Deciding if a topological ordering with working set of size $\le k$ exists is NP-complete, even in bipartite graphs.
We can reduce pathwidth computation to this problem. Let $G$ be a undirected graph, whose pathwidth we want to compute. Now create an directed graph $H$, with vertex $v'$ for each vertex $v$ of $G$. For each edge $(u, v)$ of $G$, create a vertex $e_{(u,v)}$ and directed edges $(v', e_{(u,v)}'), (u', e_{(u,v)}')$.
Now consider a topological ordering of $H$. Define the corresponding sequence of working sets as $X_1, \ldots, X_p$. We prove that $X_1, \ldots, X_p$ is a path-decomposition of $G$. The working sets include only vertices of type $v'$, because the other vertices do not have outgoing edges. The working sets by definition satisfy the intersection property $i \le j \le k \rightarrow X_i \cap X_k \subseteq X_j$. If there is an edge $(u, v)$ in $G$, then there are edges in $H$ from both $v'$ and $u'$ to $e_{(u,v)}'$ so there must be a working set $X_i$ with $v', u' \in X_i$. Therefore each edge is a subset of some bag of the path decomposition and therefore $X_1, \ldots, X_p$ is a path decomposition of $G$.

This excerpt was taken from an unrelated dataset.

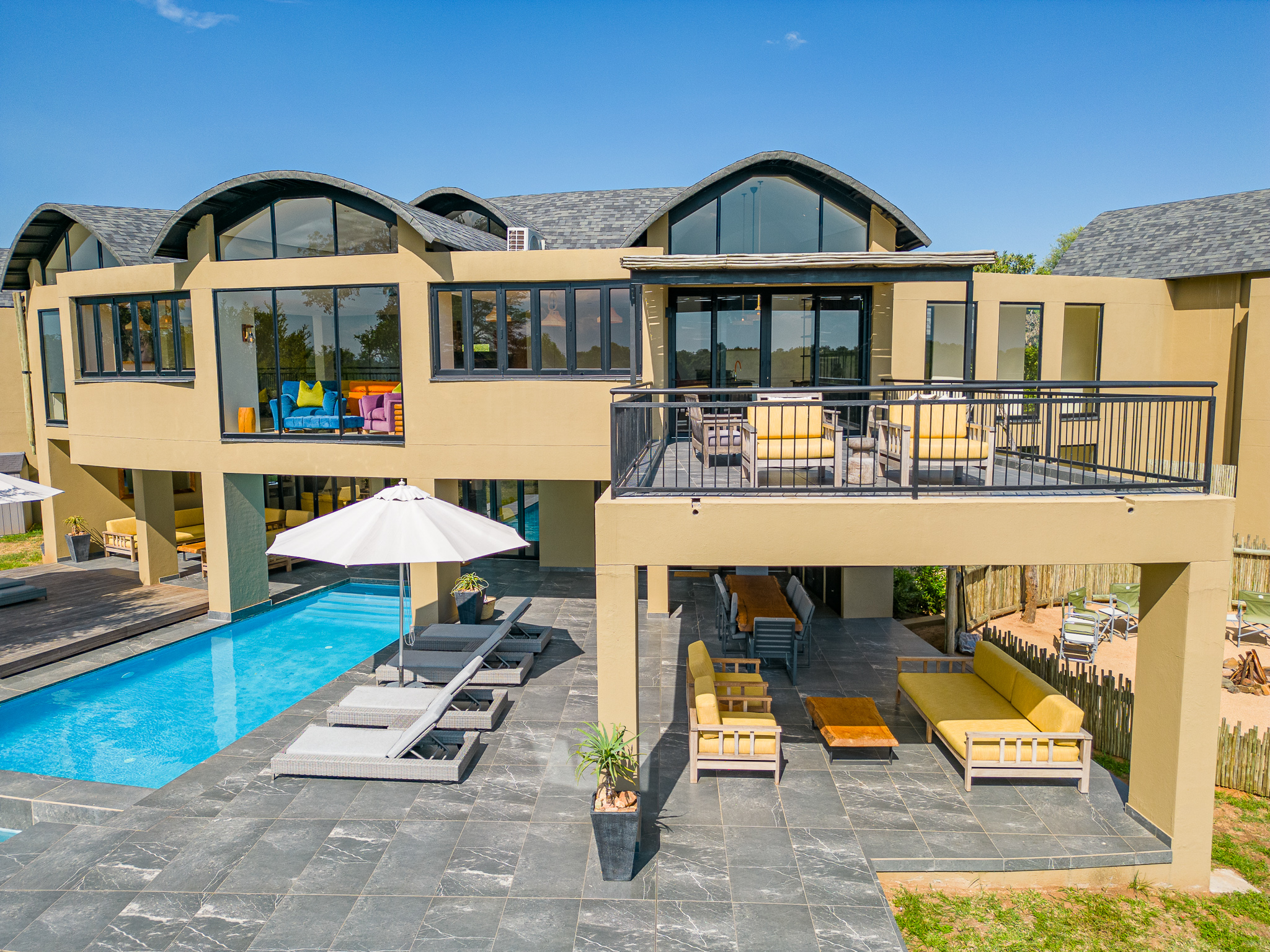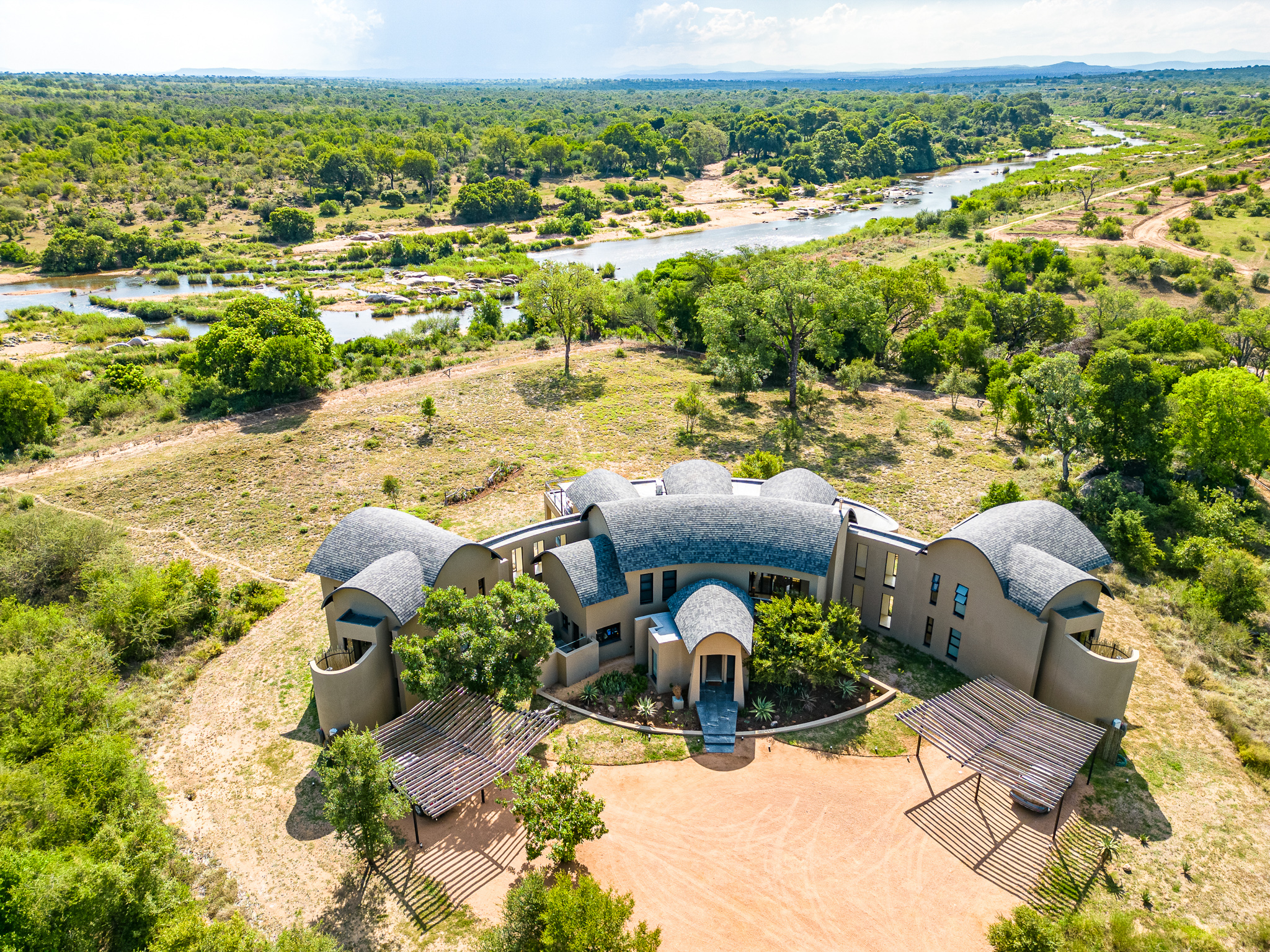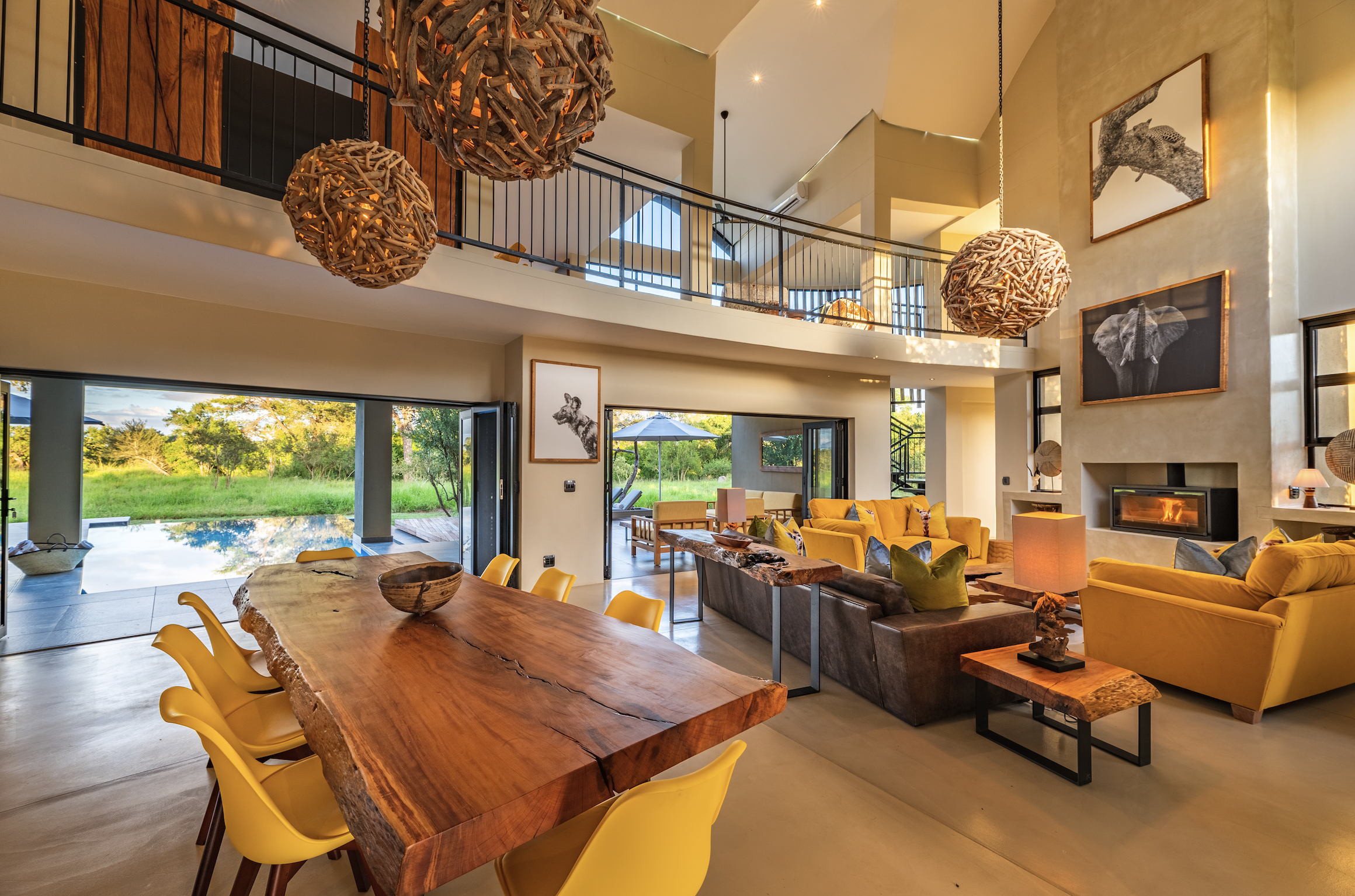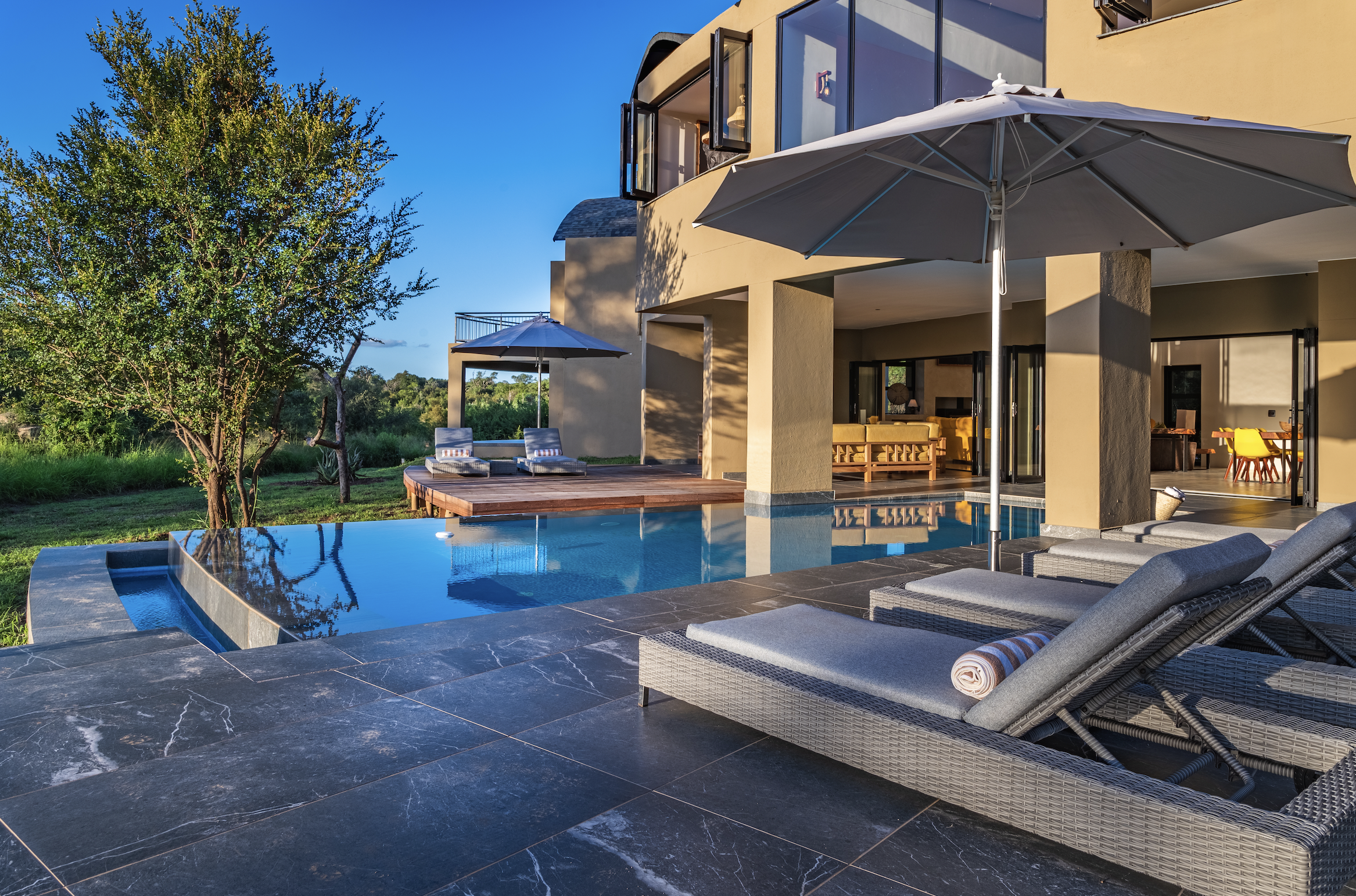 Located on the banks of the stunning Sabie River, with views directly over the river and into the Kruger National Park in South Africa, the newly built Nkova Sabie is a family villa that accommodates up to 10 people and provides luxury holiday accommodation for the discerning guest who is looking for comfort in an elegant, tasteful, relaxing environment. This uniquely designed, beautifully spacious self-catered villa has embraced sustainability and recycling in its build, and has been impeccably furnished to give a contemporary feel. Nkova Sabie is located in a secure and private game reserve called Elephant Point and is located 7 minutes from the entrance gate into the Kruger National Park via the Paul Kruger gate. It boasts a new back-up generator which gives you the peace of mind that you will have electricity throughout the villa 24/7. The villa also has access to private chef services and a restaurant overlooking the river (which also does great take aways and hampers!)

We can also show that any path-decomposition of $G$ corresponds to a topological ordering of $H$ (consider the elimination ordering of the underlying interval graph). $\square$
For positive results, I would suggest at looking at some analogies of pathwidth for DAGs in literature. With a quick search I found the notions of directed pathwidth and DAG-width, but seems that they are not relevant here as they are trivial for DAGs.